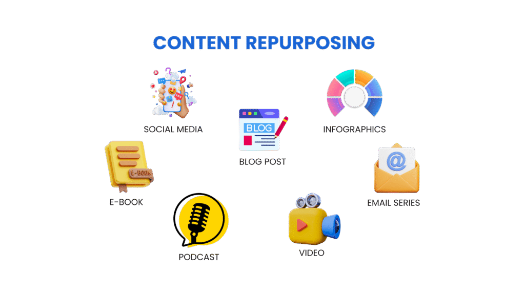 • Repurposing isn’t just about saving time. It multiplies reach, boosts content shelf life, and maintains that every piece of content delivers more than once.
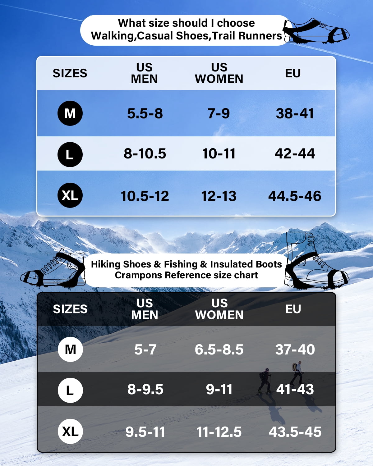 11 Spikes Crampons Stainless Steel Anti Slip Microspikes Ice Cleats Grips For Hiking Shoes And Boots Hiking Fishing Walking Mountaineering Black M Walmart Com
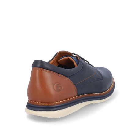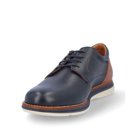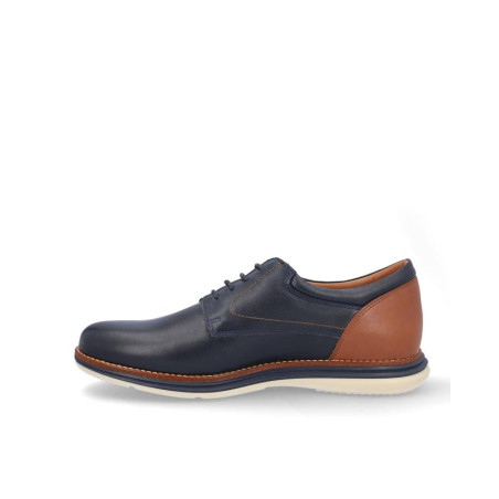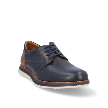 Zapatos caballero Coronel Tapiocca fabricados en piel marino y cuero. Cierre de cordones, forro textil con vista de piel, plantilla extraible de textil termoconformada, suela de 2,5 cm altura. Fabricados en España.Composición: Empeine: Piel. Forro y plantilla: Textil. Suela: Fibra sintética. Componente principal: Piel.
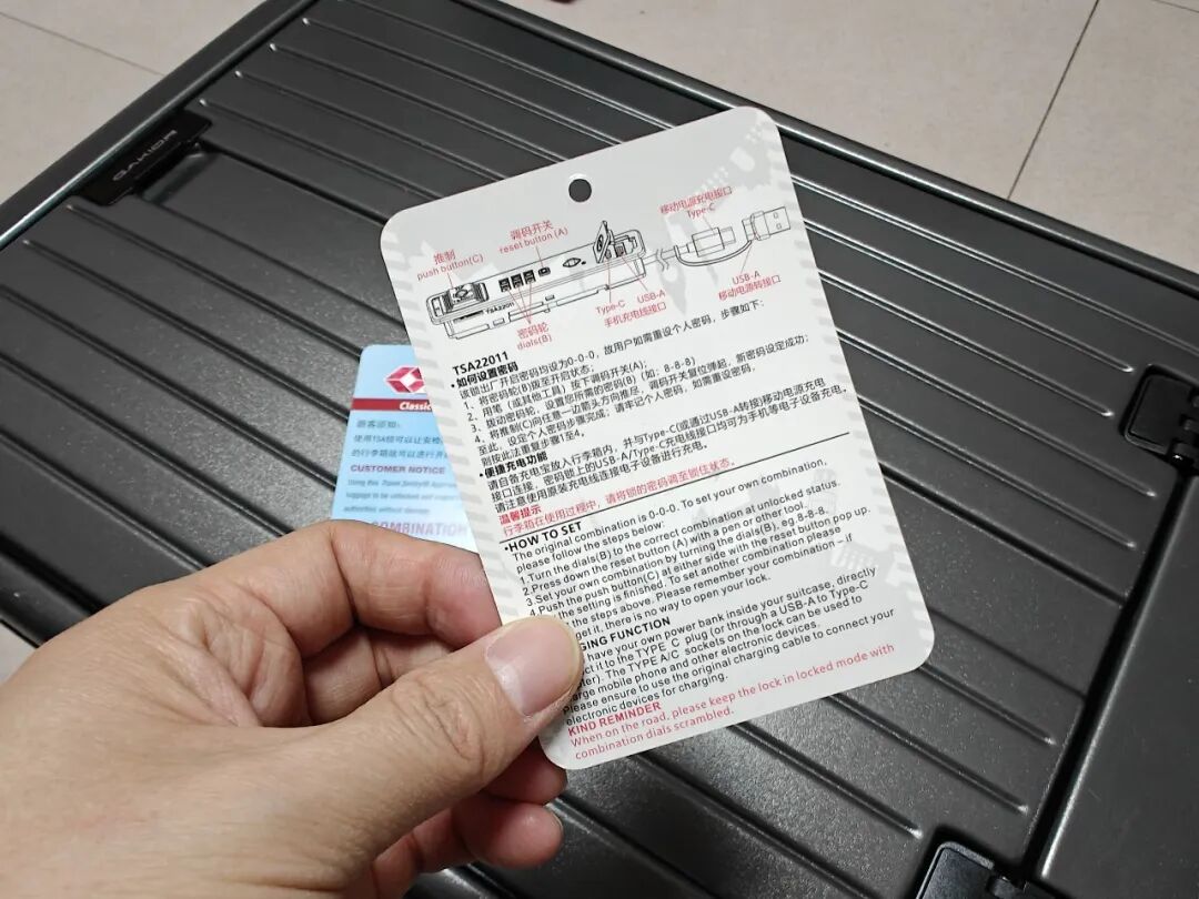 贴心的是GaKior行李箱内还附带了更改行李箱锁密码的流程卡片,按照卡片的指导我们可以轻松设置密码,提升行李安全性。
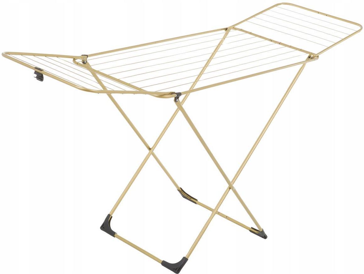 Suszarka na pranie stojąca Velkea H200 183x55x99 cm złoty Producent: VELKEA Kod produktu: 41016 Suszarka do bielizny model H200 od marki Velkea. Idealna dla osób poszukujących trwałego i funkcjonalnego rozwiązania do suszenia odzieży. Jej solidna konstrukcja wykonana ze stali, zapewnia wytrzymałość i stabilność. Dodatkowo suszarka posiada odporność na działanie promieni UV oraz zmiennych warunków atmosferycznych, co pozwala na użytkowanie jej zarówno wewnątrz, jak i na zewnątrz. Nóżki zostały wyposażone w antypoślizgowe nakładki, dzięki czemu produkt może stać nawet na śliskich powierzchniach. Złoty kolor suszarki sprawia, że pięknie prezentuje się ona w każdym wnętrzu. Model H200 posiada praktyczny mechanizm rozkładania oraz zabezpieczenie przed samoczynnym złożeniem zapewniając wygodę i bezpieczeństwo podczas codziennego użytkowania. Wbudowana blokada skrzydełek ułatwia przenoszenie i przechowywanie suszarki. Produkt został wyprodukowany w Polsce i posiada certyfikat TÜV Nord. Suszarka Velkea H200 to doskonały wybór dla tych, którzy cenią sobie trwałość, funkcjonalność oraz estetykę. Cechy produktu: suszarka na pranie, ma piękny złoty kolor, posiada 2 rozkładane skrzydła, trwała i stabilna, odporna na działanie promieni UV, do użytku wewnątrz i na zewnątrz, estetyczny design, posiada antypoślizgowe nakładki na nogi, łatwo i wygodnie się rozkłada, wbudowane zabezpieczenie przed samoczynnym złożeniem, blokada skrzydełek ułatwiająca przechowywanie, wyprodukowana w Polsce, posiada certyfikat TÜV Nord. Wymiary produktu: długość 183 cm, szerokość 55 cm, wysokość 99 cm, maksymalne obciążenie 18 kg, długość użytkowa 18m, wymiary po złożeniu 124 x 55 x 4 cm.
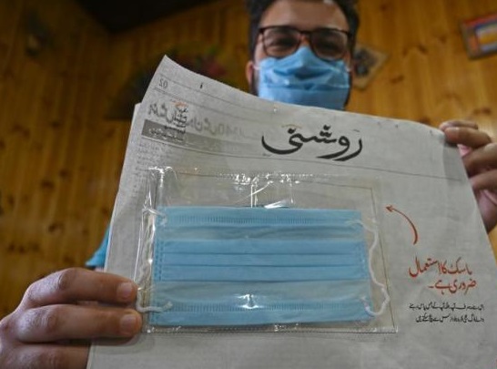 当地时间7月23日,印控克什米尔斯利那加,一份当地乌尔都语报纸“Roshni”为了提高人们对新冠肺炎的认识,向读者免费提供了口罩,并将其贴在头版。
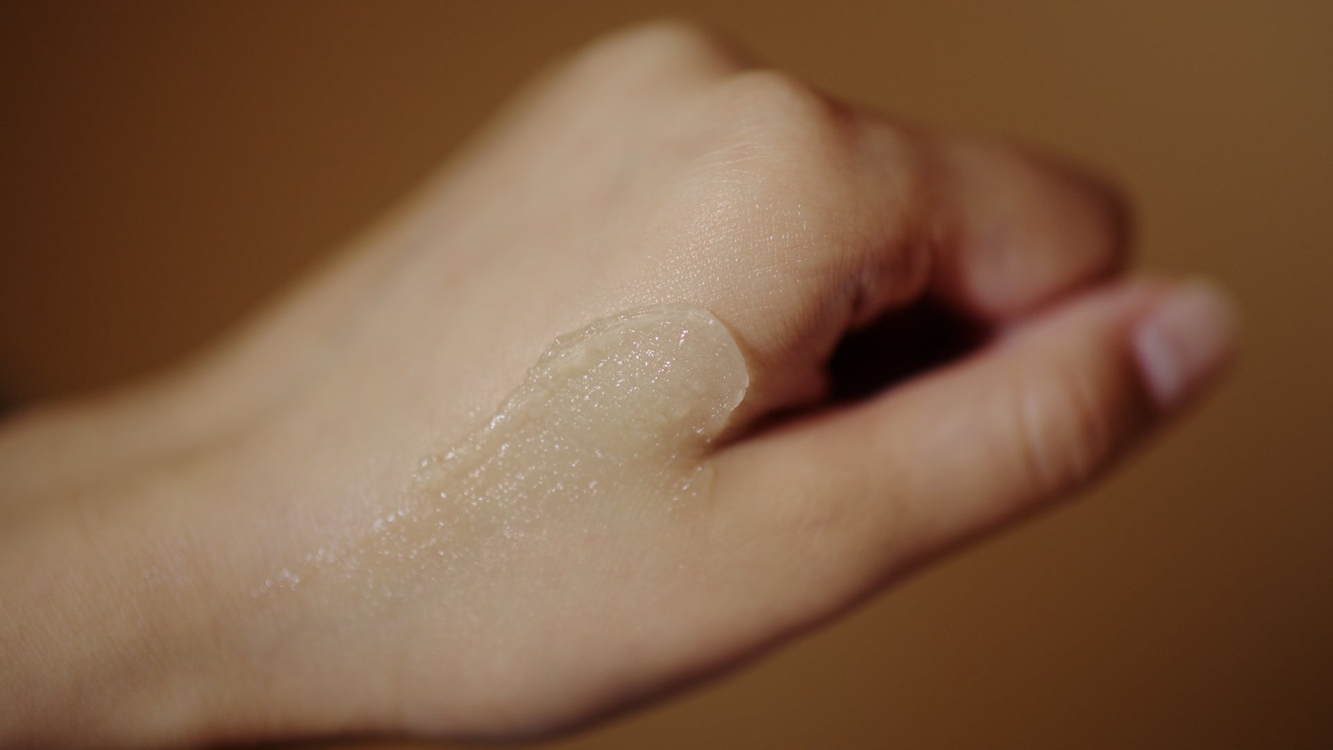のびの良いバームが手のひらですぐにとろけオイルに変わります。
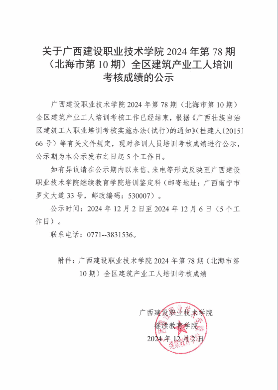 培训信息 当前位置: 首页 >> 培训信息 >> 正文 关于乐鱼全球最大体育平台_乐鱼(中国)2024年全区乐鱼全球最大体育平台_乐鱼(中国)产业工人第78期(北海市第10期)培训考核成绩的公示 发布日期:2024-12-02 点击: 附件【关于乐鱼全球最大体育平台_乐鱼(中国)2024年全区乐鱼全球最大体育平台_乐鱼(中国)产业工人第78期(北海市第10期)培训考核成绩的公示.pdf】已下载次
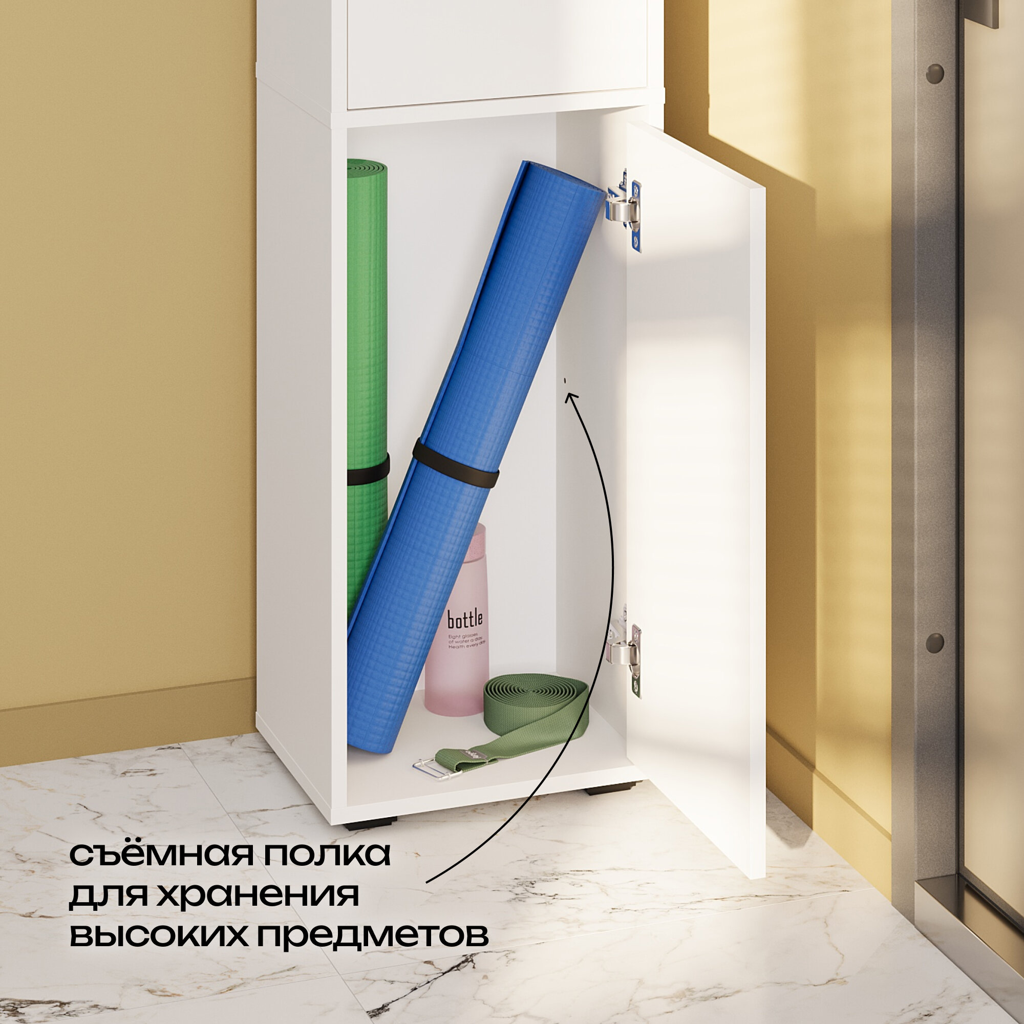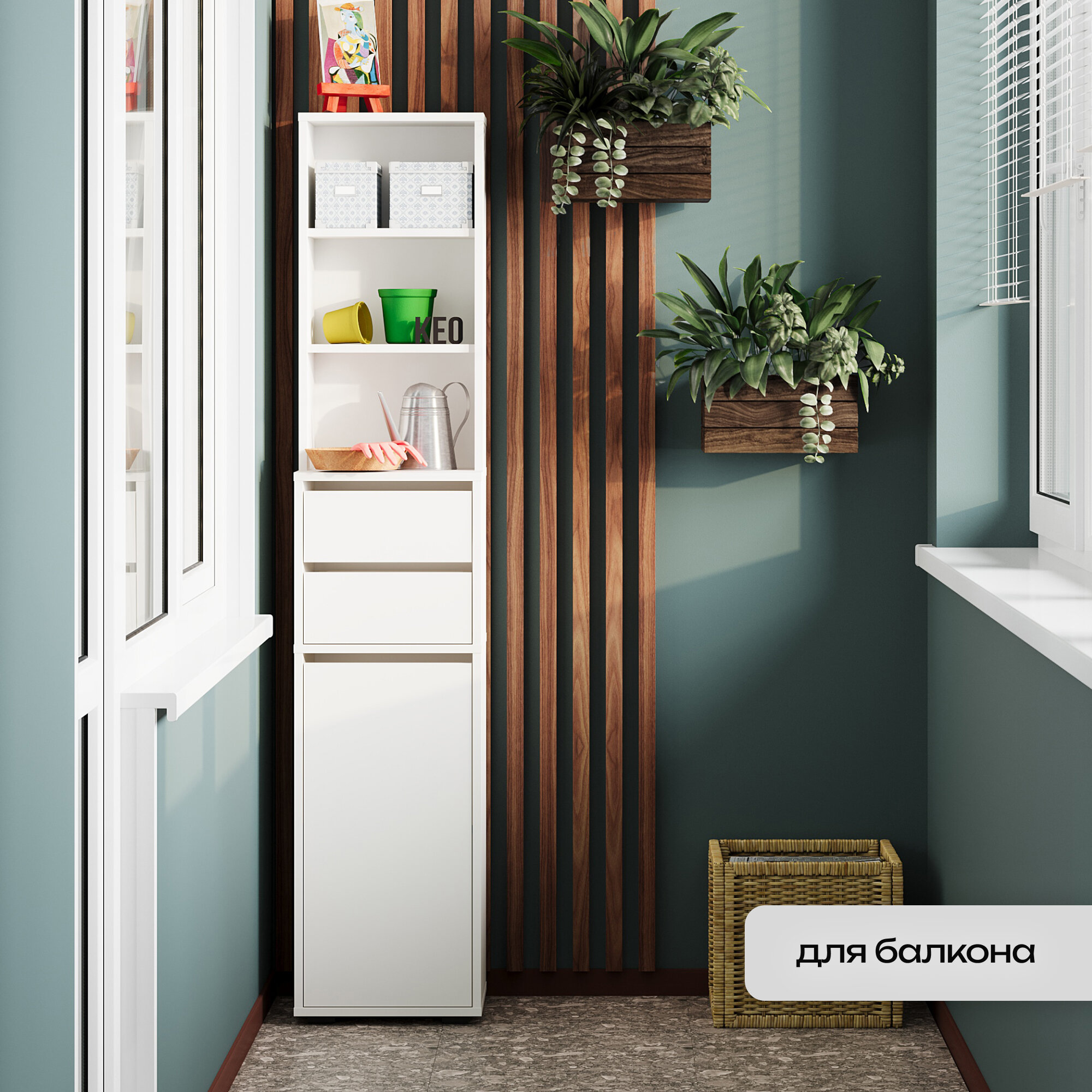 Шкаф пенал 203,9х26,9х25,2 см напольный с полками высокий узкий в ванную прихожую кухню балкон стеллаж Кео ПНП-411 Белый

──────────────────────────────

Exercise >> Every line of the data above should be returned exactly, with the pictures removed.

Problem solution >>
 • Repurposing isn’t just about saving time. It multiplies reach, boosts content shelf life, and maintains that every piece of content delivers more than once.
 11 Spikes Crampons Stainless Steel Anti Slip Microspikes Ice Cleats Grips For Hiking Shoes And Boots Hiking Fishing Walking Mountaineering Black M Walmart Com
 Zapatos caballero Coronel Tapiocca fabricados en piel marino y cuero. Cierre de cordones, forro textil con vista de piel, plantilla extraible de textil termoconformada, suela de 2,5 cm altura. Fabricados en España.Composición: Empeine: Piel. Forro y plantilla: Textil. Suela: Fibra sintética. Componente principal: Piel.
 贴心的是GaKior行李箱内还附带了更改行李箱锁密码的流程卡片,按照卡片的指导我们可以轻松设置密码,提升行李安全性。
 Suszarka na pranie stojąca Velkea H200 183x55x99 cm złoty Producent: VELKEA Kod produktu: 41016 Suszarka do bielizny model H200 od marki Velkea. Idealna dla osób poszukujących trwałego i funkcjonalnego rozwiązania do suszenia odzieży. Jej solidna konstrukcja wykonana ze stali, zapewnia wytrzymałość i stabilność. Dodatkowo suszarka posiada odporność na działanie promieni UV oraz zmiennych warunków atmosferycznych, co pozwala na użytkowanie jej zarówno wewnątrz, jak i na zewnątrz. Nóżki zostały wyposażone w antypoślizgowe nakładki, dzięki czemu produkt może stać nawet na śliskich powierzchniach. Złoty kolor suszarki sprawia, że pięknie prezentuje się ona w każdym wnętrzu. Model H200 posiada praktyczny mechanizm rozkładania oraz zabezpieczenie przed samoczynnym złożeniem zapewniając wygodę i bezpieczeństwo podczas codziennego użytkowania. Wbudowana blokada skrzydełek ułatwia przenoszenie i przechowywanie suszarki. Produkt został wyprodukowany w Polsce i posiada certyfikat TÜV Nord. Suszarka Velkea H200 to doskonały wybór dla tych, którzy cenią sobie trwałość, funkcjonalność oraz estetykę. Cechy produktu: suszarka na pranie, ma piękny złoty kolor, posiada 2 rozkładane skrzydła, trwała i stabilna, odporna na działanie promieni UV, do użytku wewnątrz i na zewnątrz, estetyczny design, posiada antypoślizgowe nakładki na nogi, łatwo i wygodnie się rozkłada, wbudowane zabezpieczenie przed samoczynnym złożeniem, blokada skrzydełek ułatwiająca przechowywanie, wyprodukowana w Polsce, posiada certyfikat TÜV Nord. Wymiary produktu: długość 183 cm, szerokość 55 cm, wysokość 99 cm, maksymalne obciążenie 18 kg, długość użytkowa 18m, wymiary po złożeniu 124 x 55 x 4 cm.
 当地时间7月23日,印控克什米尔斯利那加,一份当地乌尔都语报纸“Roshni”为了提高人们对新冠肺炎的认识,向读者免费提供了口罩,并将其贴在头版。
のびの良いバームが手のひらですぐにとろけオイルに変わります。
 培训信息 当前位置: 首页 >> 培训信息 >> 正文 关于乐鱼全球最大体育平台_乐鱼(中国)2024年全区乐鱼全球最大体育平台_乐鱼(中国)产业工人第78期(北海市第10期)培训考核成绩的公示 发布日期:2024-12-02 点击: 附件【关于乐鱼全球最大体育平台_乐鱼(中国)2024年全区乐鱼全球最大体育平台_乐鱼(中国)产业工人第78期(北海市第10期)培训考核成绩的公示.pdf】已下载次
 Шкаф пенал 203,9х26,9х25,2 см напольный с полками высокий узкий в ванную прихожую кухню балкон стеллаж Кео ПНП-411 Белый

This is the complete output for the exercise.